When faced with such a massive number of records, however, it’s important that we develop new tools for end users not just to sift and sort through the huge “piles” of information that result but also to be able to step back, figuratively speaking, and have an overview of the piles themselves. Sometimes it’s the shape of the pile you’re interested in, not the items that make up that pile. Currently*, the ESTC functions are defined by the conventions of print: in response to a search, you get a list of 25 (I think) records per page. If your search returns 1,000 records, you get 40 pages to scroll through; there is no easy way to download all of these records to your own bibliographic database. The ESTC is not unique in providing these sorts of functions; they are common to scholarly databases.

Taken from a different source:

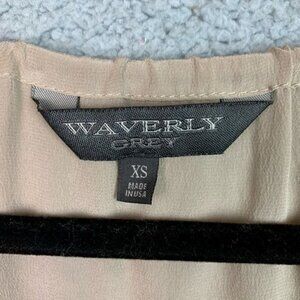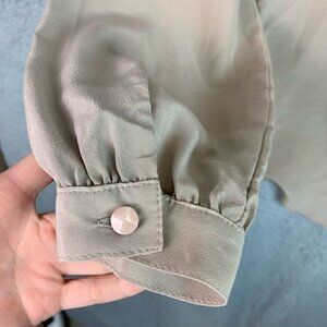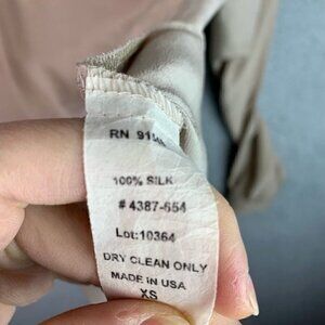 Waverly Grey Womens Blouse Beige Bishop Sleeve Keyhole Neck Ruched 100% Silk XS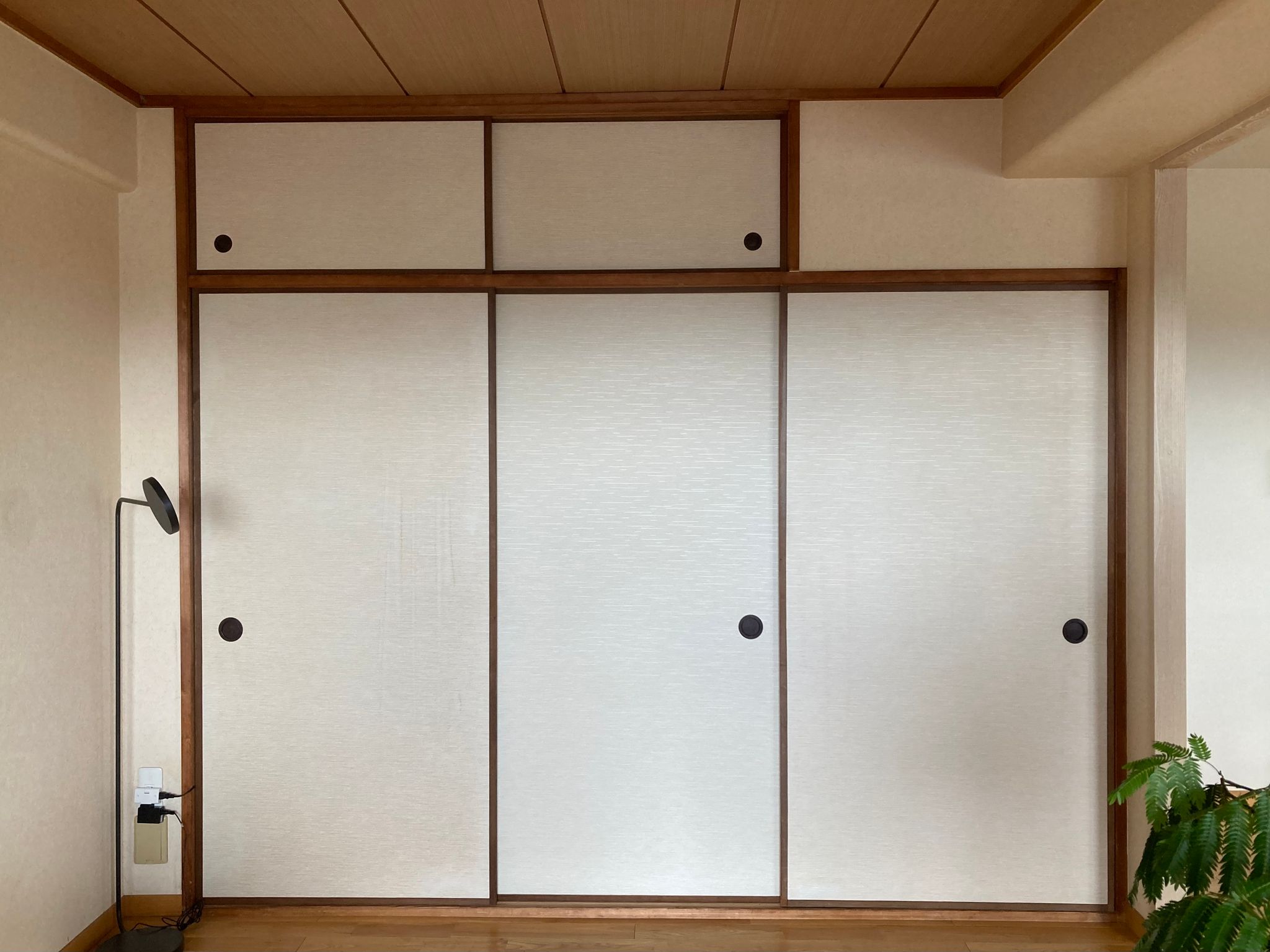 今回の押入部分の更新では、既存の鴨居と敷居を活かし、吊元を自由にできる4枚折れ戸を設けました。扉を開けた時に家具などの邪魔にならないという開閉方法の自由度、どの場所でも簡単に物が出し入れできるという使い勝手の良さが、日々の動きに自然に馴染んでいるように感じました。

These functions are adequate if all you’re trying to do is compile a list, or find a particular item. But it falls far short of what electronic resources are capable of and what researchers might be after. It does not, for example, allow you to contexualize the printed output of one publisher in relation to others. You cannot get a sense of the relative production of printing houses in Bristol, say, versus those in London between the years 1740 and 1760. You cannot easily find out which author has the most records in the database. (It was only after working on my dissertation for two years that I discovered through an outside source that one of the figures I was writing about had more records in the ESTC than any other author; it would have been nice to know this from the beginning.)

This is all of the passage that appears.